• **What is expected**
Below are the records; extract from them the line containing "All metal commercial-grade" to the line containing "Осенний детский комбинезон", both lines included, exactly and with no pictures.

• **Task inputs**
□ □ □ □

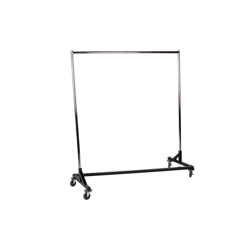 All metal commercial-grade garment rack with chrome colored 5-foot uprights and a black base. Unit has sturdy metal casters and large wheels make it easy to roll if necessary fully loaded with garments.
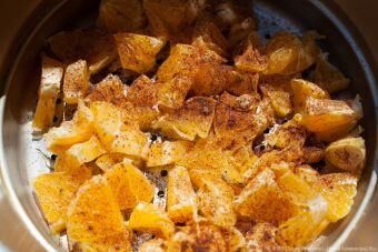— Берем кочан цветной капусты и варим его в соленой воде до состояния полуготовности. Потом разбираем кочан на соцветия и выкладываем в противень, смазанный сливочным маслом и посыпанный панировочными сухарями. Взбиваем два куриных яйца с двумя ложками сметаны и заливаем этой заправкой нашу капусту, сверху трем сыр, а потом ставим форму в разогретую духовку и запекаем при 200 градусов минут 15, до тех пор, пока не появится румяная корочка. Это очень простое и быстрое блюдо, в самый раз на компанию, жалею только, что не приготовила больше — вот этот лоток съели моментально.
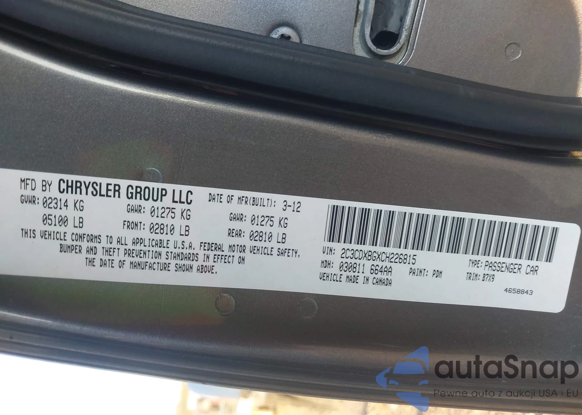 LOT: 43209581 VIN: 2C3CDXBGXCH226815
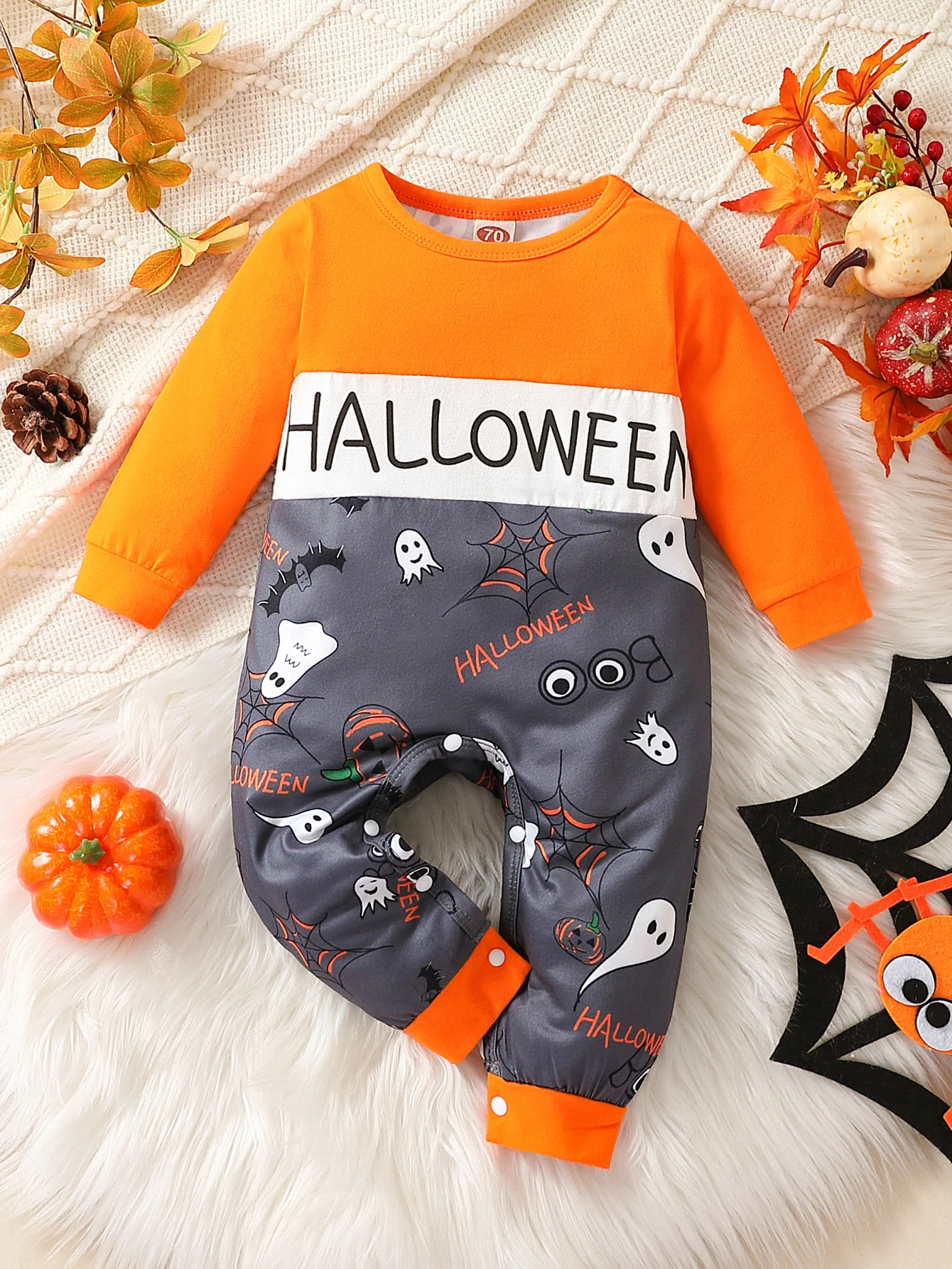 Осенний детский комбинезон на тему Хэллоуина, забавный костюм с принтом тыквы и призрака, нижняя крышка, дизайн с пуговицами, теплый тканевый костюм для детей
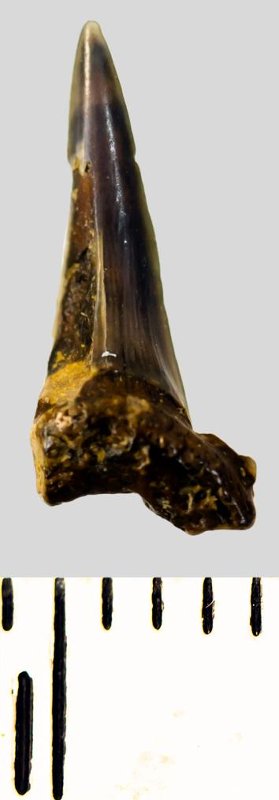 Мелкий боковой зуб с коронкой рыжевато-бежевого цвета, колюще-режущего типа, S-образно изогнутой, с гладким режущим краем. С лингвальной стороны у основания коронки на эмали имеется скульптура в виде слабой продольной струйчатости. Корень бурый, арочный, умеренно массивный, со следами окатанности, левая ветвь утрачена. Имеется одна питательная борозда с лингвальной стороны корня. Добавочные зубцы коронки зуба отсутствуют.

□ □ □ □

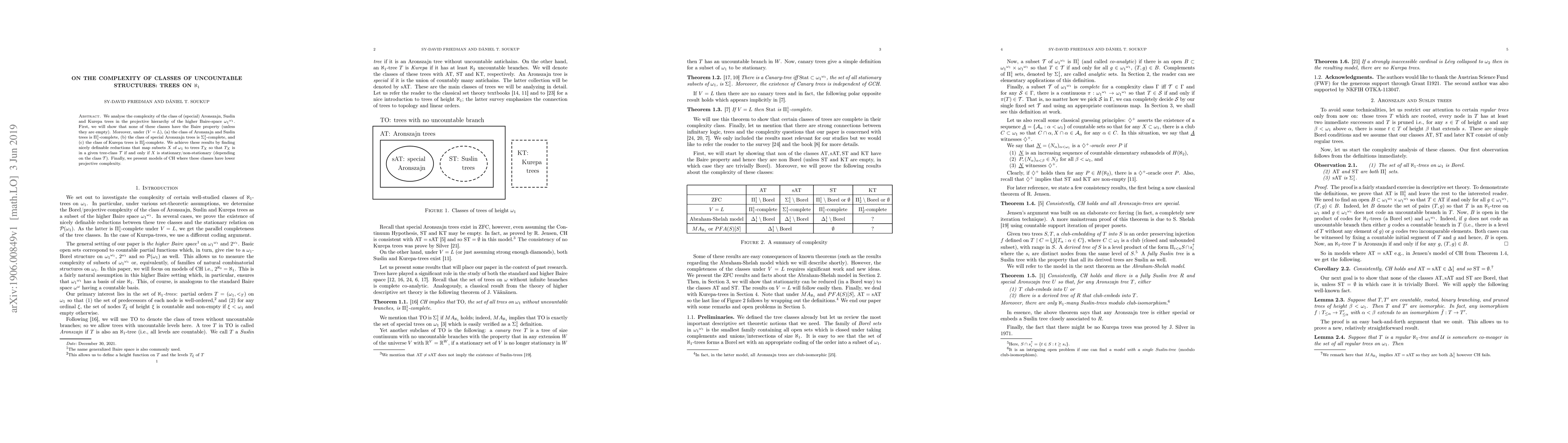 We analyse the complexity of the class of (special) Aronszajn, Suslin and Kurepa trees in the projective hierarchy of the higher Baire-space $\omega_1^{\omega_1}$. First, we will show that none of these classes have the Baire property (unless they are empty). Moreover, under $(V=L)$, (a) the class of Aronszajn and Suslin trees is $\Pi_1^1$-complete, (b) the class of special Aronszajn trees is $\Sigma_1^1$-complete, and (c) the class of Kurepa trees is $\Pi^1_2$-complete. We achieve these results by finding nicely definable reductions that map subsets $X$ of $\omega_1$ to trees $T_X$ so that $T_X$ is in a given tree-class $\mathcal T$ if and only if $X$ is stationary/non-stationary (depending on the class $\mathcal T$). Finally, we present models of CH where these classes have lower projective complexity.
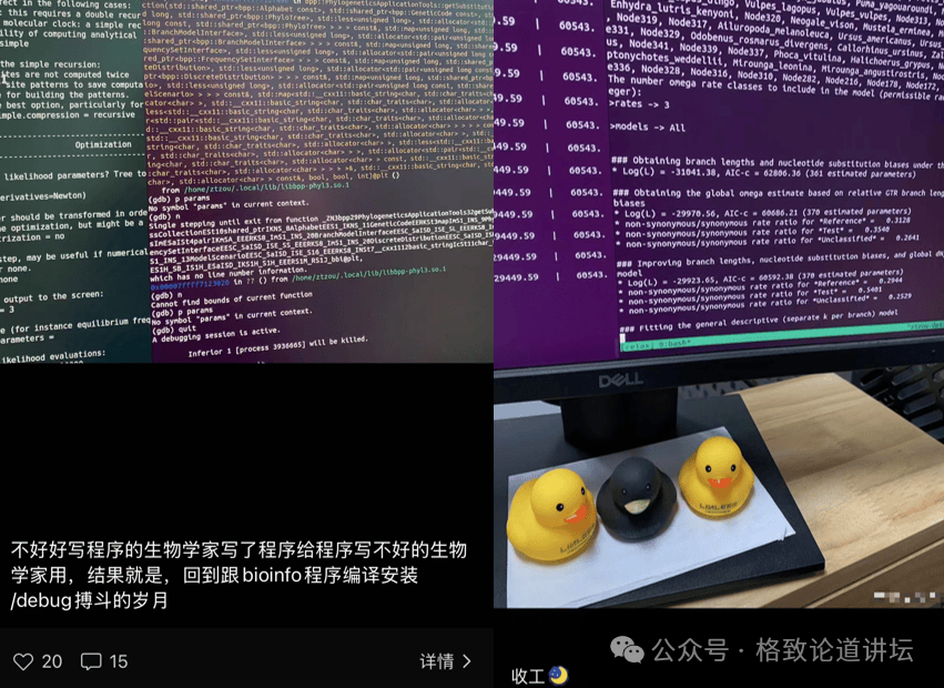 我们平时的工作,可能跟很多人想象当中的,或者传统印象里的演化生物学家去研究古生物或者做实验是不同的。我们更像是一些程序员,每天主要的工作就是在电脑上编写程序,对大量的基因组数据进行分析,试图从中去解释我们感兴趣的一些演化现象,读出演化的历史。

□ □ □ □

• **Written reply**
 All metal commercial-grade garment rack with chrome colored 5-foot uprights and a black base. Unit has sturdy metal casters and large wheels make it easy to roll if necessary fully loaded with garments.
— Берем кочан цветной капусты и варим его в соленой воде до состояния полуготовности. Потом разбираем кочан на соцветия и выкладываем в противень, смазанный сливочным маслом и посыпанный панировочными сухарями. Взбиваем два куриных яйца с двумя ложками сметаны и заливаем этой заправкой нашу капусту, сверху трем сыр, а потом ставим форму в разогретую духовку и запекаем при 200 градусов минут 15, до тех пор, пока не появится румяная корочка. Это очень простое и быстрое блюдо, в самый раз на компанию, жалею только, что не приготовила больше — вот этот лоток съели моментально.
 LOT: 43209581 VIN: 2C3CDXBGXCH226815
 Осенний детский комбинезон на тему Хэллоуина, забавный костюм с принтом тыквы и призрака, нижняя крышка, дизайн с пуговицами, теплый тканевый костюм для детей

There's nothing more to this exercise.